#### Data excerpt:
================
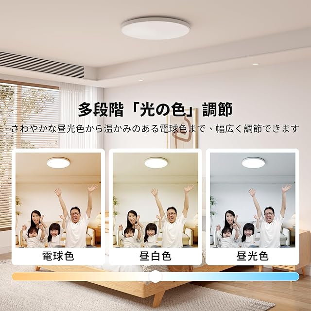 【12段階調光&7段階調色】 ○ 多彩な調整機能:リモコンを使って、12段階の明るさ(10%~100%)と7段階の色温度(電球色3000K~昼光色6500K)を自由に調節できます。勉強や読書時には、クリーンで明るい昼光色に、リラックスしたい時や家族と過ごす時には温かみのある電球色に切り替えることができます。シーンに合わせて色温度を細かく調整でき、リビング、キッチン、寝室、書斎など、あらゆる空間に対応します。 ○ ワンタッチ切替:リモコンや壁スイッチで、3つの色温度(電球色/昼白色/昼光色)を簡単に切り替えることができます。
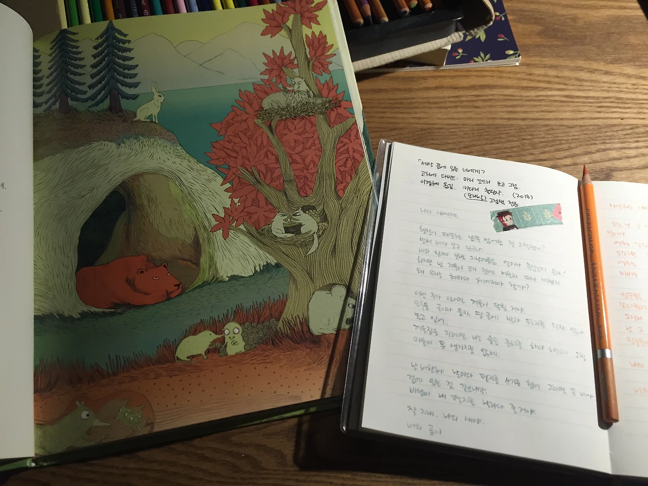 따뜻한 남쪽으로 떠난 짝꿍 새가 그리워 편지를 쓰기 시작한 곰의 이야기를 담은 그림책 [세상 끝에 있는 너에게].
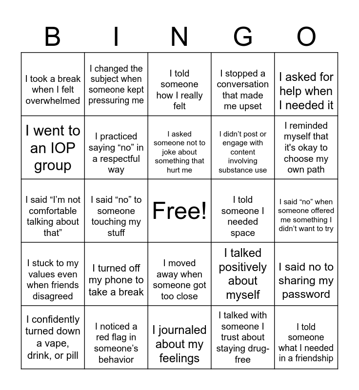 This bingo card has a free space and 41 words: I asked before hugging someone, I said “I’m not comfortable talking about that”, I took time to be alone and practice self care, I practiced saying “no” in a respectful way, I noticed a red flag in someone’s behavior, I moved away when someone got too close, I asked someone not to joke about something that hurt me, I chose not to multitask when I needed to focus, I asked for help when I needed it, I stuck to my values even when friends disagreed, I said “no” to someone touching my stuff, I stopped a conversation that made me upset, I told someone what I needed in a friendship, I said “no” when someone offered me something I didn’t want to try, I told someone I needed space, I turned off my phone to take a break, I gave someone space when they seemed overwhelmed, I took a break when I felt overwhelmed, I walked away from a situation where substances were being used, I told someone how I really felt, I said no to sharing my password, I used “I” statements to express myself, I journaled about my feelings, I didn’t post or engage with content involving substance use, I used social media to share something positive or healthy instead, I unfollowed someone who posted pictures of drugs/alcohol, I talked with someone I trust about staying drug-free, I noticed how I feel around people who push boundaries, I reminded myself that it's okay to choose my own path, I told someone I don’t drink/use and asked them to respect that, I stood up for a friend who was being pressured to use, I changed the subject when someone kept pressuring me, I confidently turned down a vape, drink, or pill, I didn’t take on someone else’s emotional burden, I talked positively about myself, I went to an IOP group, I had a positive interaction with a parent/guardian, I used an affirmation, I practiced my breathwork, I used a coping skill when I was upset and I picked up a hobby.
================
#### Problem to solve:
Please retype the data exactly, but do not carry over any picture.

#### Task output:
 【12段階調光&7段階調色】 ○ 多彩な調整機能:リモコンを使って、12段階の明るさ(10%~100%)と7段階の色温度(電球色3000K~昼光色6500K)を自由に調節できます。勉強や読書時には、クリーンで明るい昼光色に、リラックスしたい時や家族と過ごす時には温かみのある電球色に切り替えることができます。シーンに合わせて色温度を細かく調整でき、リビング、キッチン、寝室、書斎など、あらゆる空間に対応します。 ○ ワンタッチ切替:リモコンや壁スイッチで、3つの色温度(電球色/昼白色/昼光色)を簡単に切り替えることができます。
 따뜻한 남쪽으로 떠난 짝꿍 새가 그리워 편지를 쓰기 시작한 곰의 이야기를 담은 그림책 [세상 끝에 있는 너에게].
 This bingo card has a free space and 41 words: I asked before hugging someone, I said “I’m not comfortable talking about that”, I took time to be alone and practice self care, I practiced saying “no” in a respectful way, I noticed a red flag in someone’s behavior, I moved away when someone got too close, I asked someone not to joke about something that hurt me, I chose not to multitask when I needed to focus, I asked for help when I needed it, I stuck to my values even when friends disagreed, I said “no” to someone touching my stuff, I stopped a conversation that made me upset, I told someone what I needed in a friendship, I said “no” when someone offered me something I didn’t want to try, I told someone I needed space, I turned off my phone to take a break, I gave someone space when they seemed overwhelmed, I took a break when I felt overwhelmed, I walked away from a situation where substances were being used, I told someone how I really felt, I said no to sharing my password, I used “I” statements to express myself, I journaled about my feelings, I didn’t post or engage with content involving substance use, I used social media to share something positive or healthy instead, I unfollowed someone who posted pictures of drugs/alcohol, I talked with someone I trust about staying drug-free, I noticed how I feel around people who push boundaries, I reminded myself that it's okay to choose my own path, I told someone I don’t drink/use and asked them to respect that, I stood up for a friend who was being pressured to use, I changed the subject when someone kept pressuring me, I confidently turned down a vape, drink, or pill, I didn’t take on someone else’s emotional burden, I talked positively about myself, I went to an IOP group, I had a positive interaction with a parent/guardian, I used an affirmation, I practiced my breathwork, I used a coping skill when I was upset and I picked up a hobby.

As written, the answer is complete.